If the words, “Adobe Flash,” don’t give you the heebie-jeebies, they should. The once-beloved media-player software is now synonymous with malware.
Flash has been hugely instrumental in bringing video to the internet. Unfortunately, at nearly a quarter-century old, it was developed at a time when “hacking” meant hitting a piece of wood with an ax, not a criminal remotely accessing your computer.
Flash has such a long, recent history of vulnerabilities and security patches that Adobe is phasing it out by 2020. Until then, hackers are going to exploit it.
Be careful, though. Hackers are exploiting you, too. If “Adobe Flash” gets your attention, hackers are trying to take advantage of you with a new malware called Invisible Man (or Andr/Banker-GUA).
It’s likely from Russia and is related to another malware know as Svpeng. It’s a clever hack that’s designed to trick you into giving hackers remote access to your Android smartphone and, ultimately, your bank account.
Bonus: Keep reading for two simple tips to protect your money!
Invisible Man: What You Must Know
Have you heard of keylogging? That’s when hackers trick you into giving them your private information, like usernames and passwords, by spying on the words you’re typing into your smartphone or computer.
In the case of the Invisible Man malware, which is affecting Android smartphones, they place a fake app over a real app, such as your bank account. The fake app will ask you to input information. Underneath that app is your banking app and, in reality, they’re tricking you into typing in your username and password.
This hack starts with the hackers checking your language settings. It will proceed as long as your smartphone isn’t set to Russian.
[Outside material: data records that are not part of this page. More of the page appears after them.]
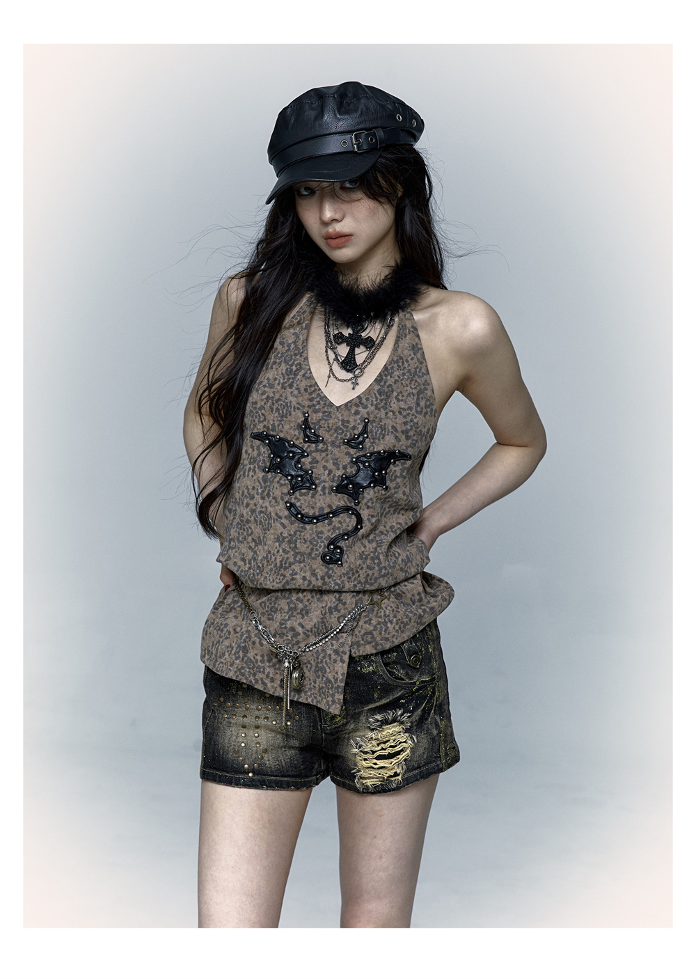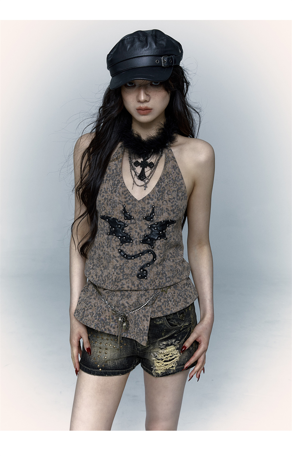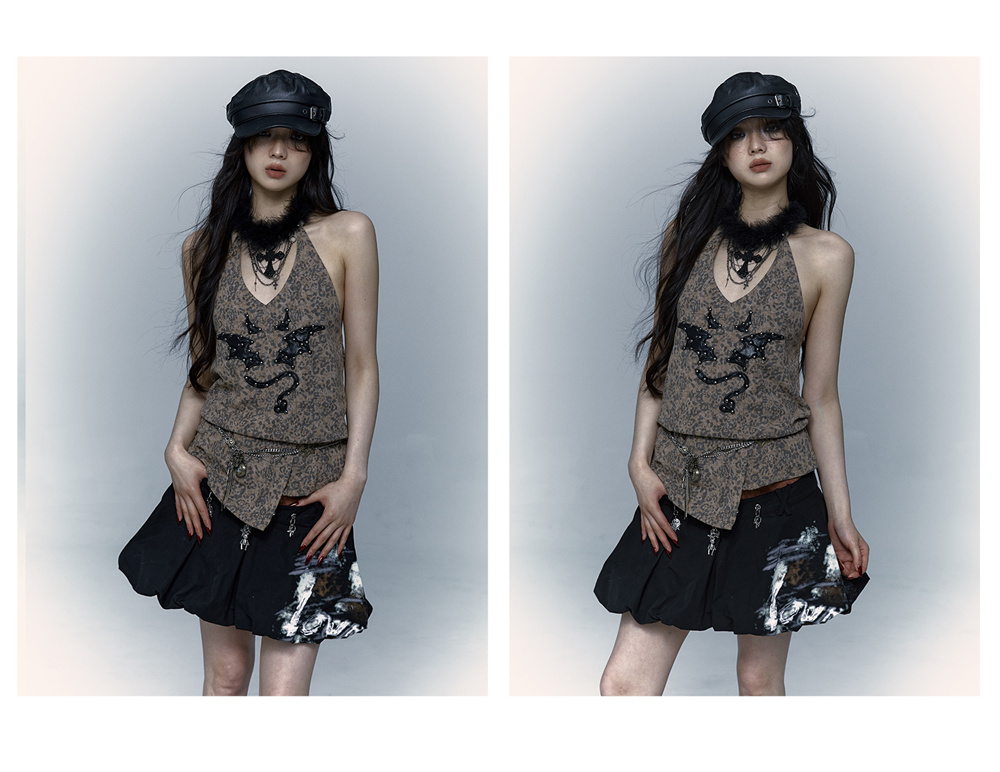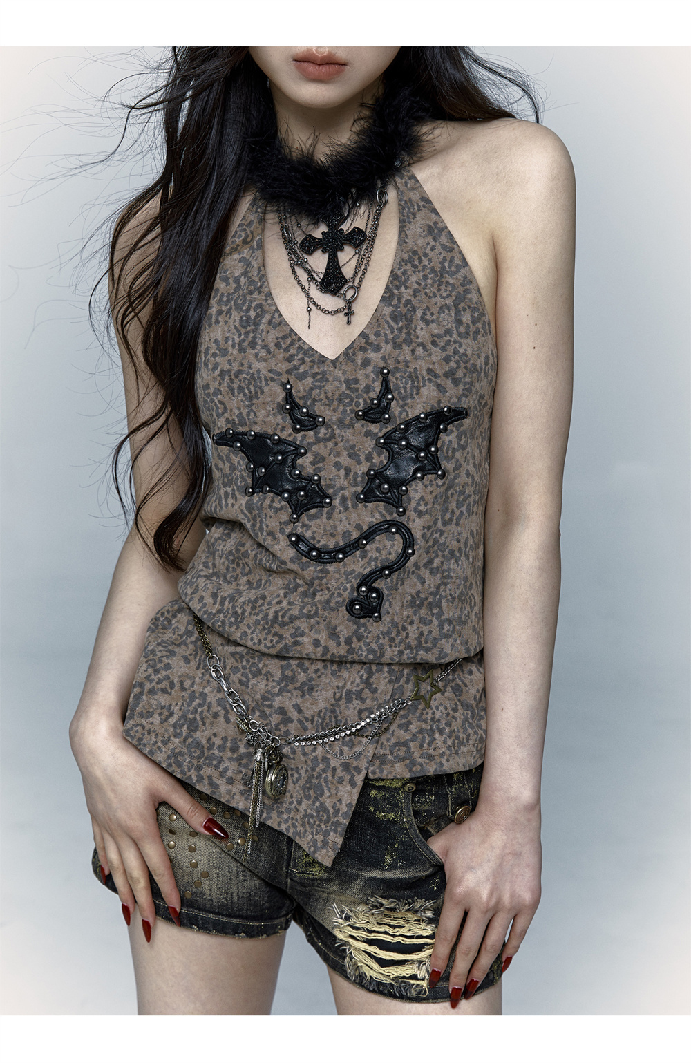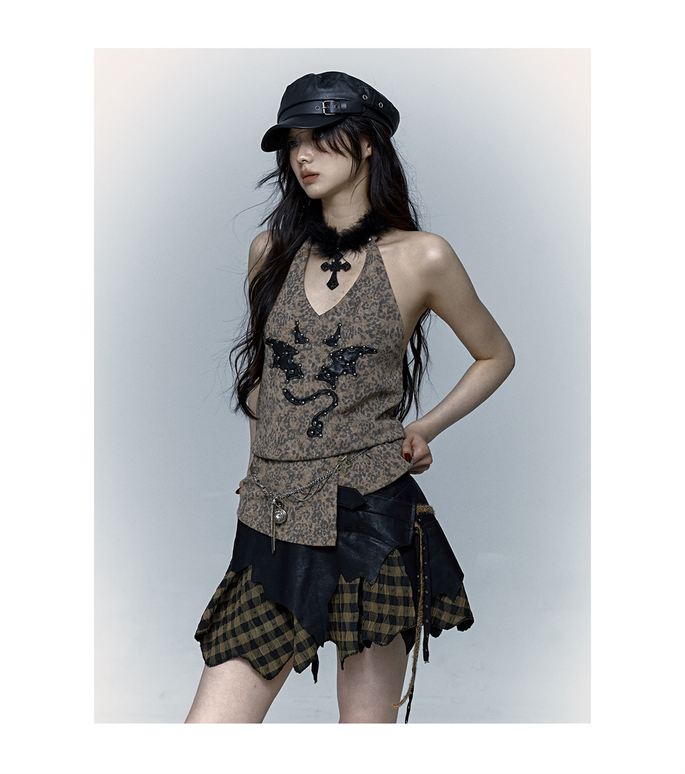 Leopard Print Rivet Halter Vest | রেট্রো পাঙ্ক ডেভিল এমব্রয়ডারি ডিজাইন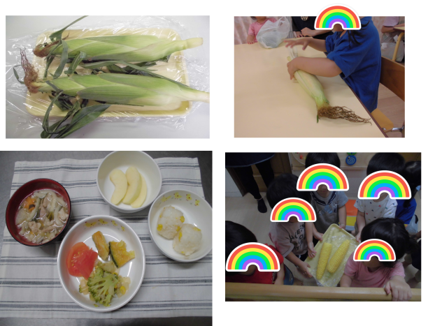 今日はくまグループさんがとうもろこし皮むきのお手伝いをしてくれました!大きくて立派なとうもろこしの皮を、お友達と一緒に引っ張ったり上手におひげまでとってくれて、給食室まで持ってきてくれました♪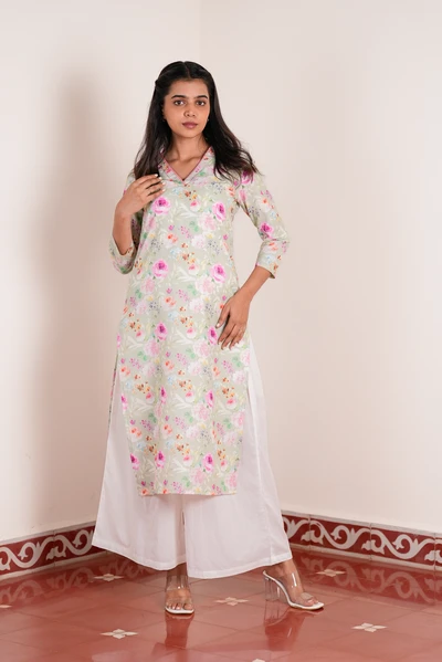 Pink Floral Linen Kurta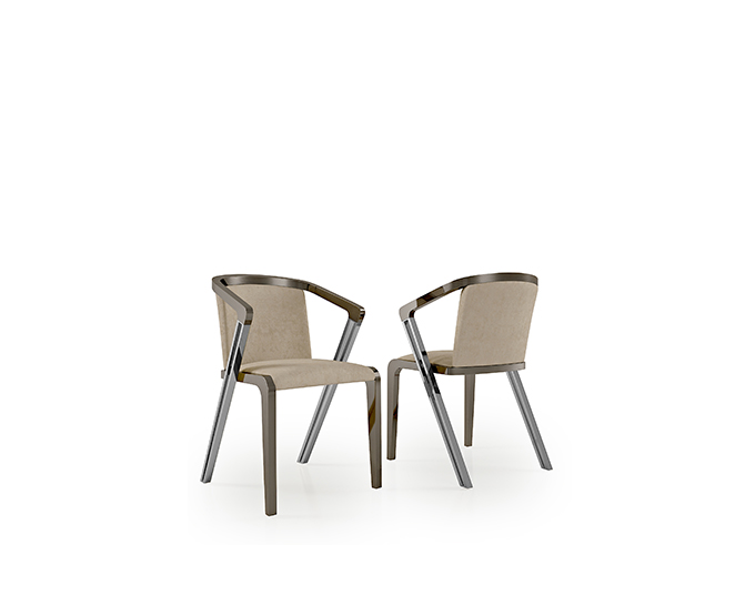 La preziosità degli arredi é accentuata dai riflessi dell’acciaio e dell’oro delle strutture, in perfetta sintonia con gli inserti dell’elegante “Rosa” del marchio Bizzotto Italia elegante dettaglio stilistico senza tempo.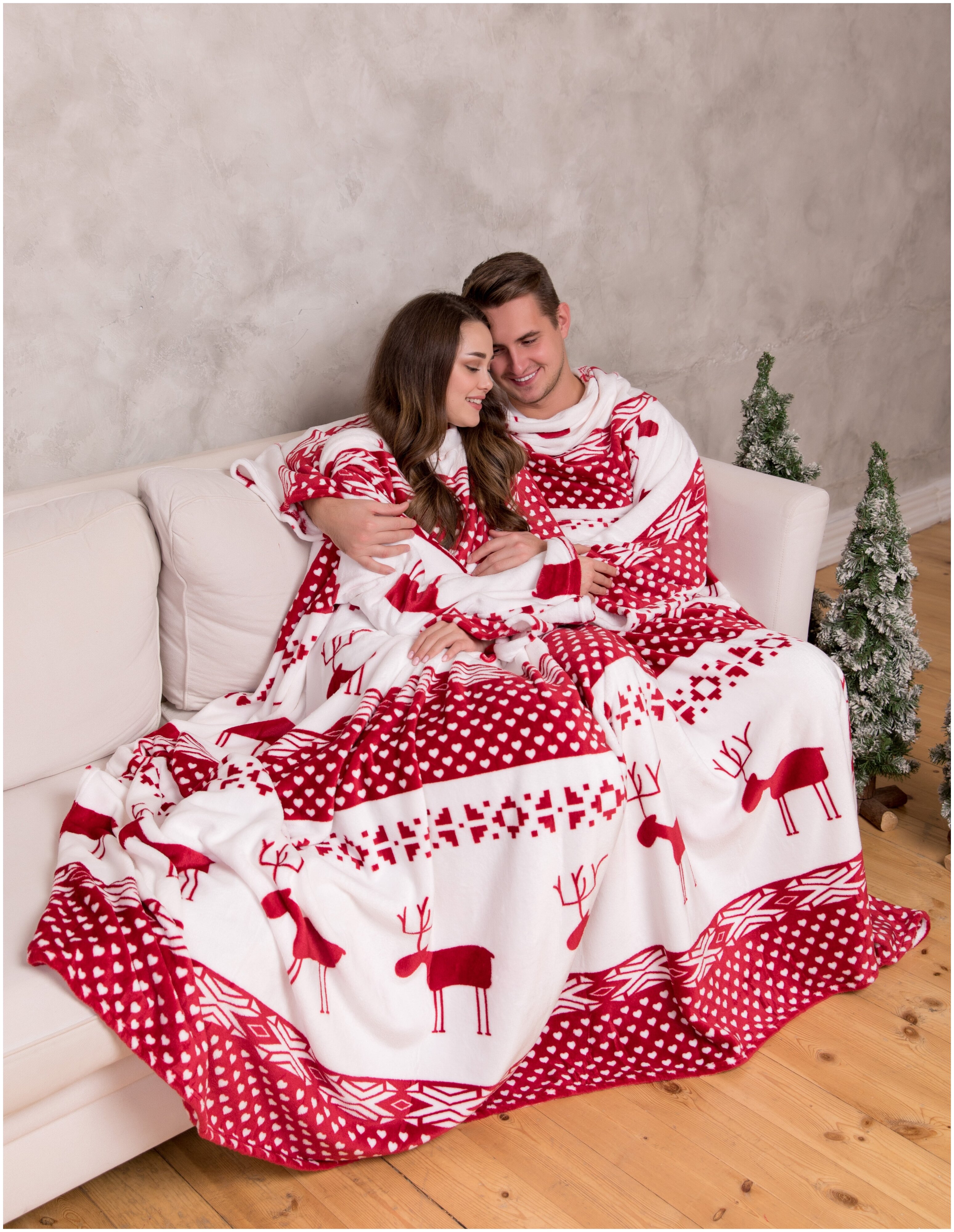 Плед для двоих с 4 рукавами - это незаменимая вещь для семейной пары. Наслаждайтесь работой за ноутбуком, чтением книги, общением с друзьями в мессенджерах, любимым чаем и едой, не вылезая из-под пледа. Удобный карман спереди пригодится для хранения пульта от телевизора или телефона.

It then asks for permission to access your accessibility settings. These are found under Apps >> Settings >> Accessibility. They are designed to make it easier to use a smartphone if you have issues with vision, hearing or dexterity.
It exploits those accessibility settings to remotely install itself as your smartphone’s default messaging software. It then disguises itself as a legitimate app that is really accessing your bank account information. From there, the hackers drain your bank account.
Here’s what you must do: First, uninstall Flash from your smartphone. Second, make sure you are running a strong and reputable anti-malware software on your Android smartphone. There are several FREE anti-malware programs specifically for Android.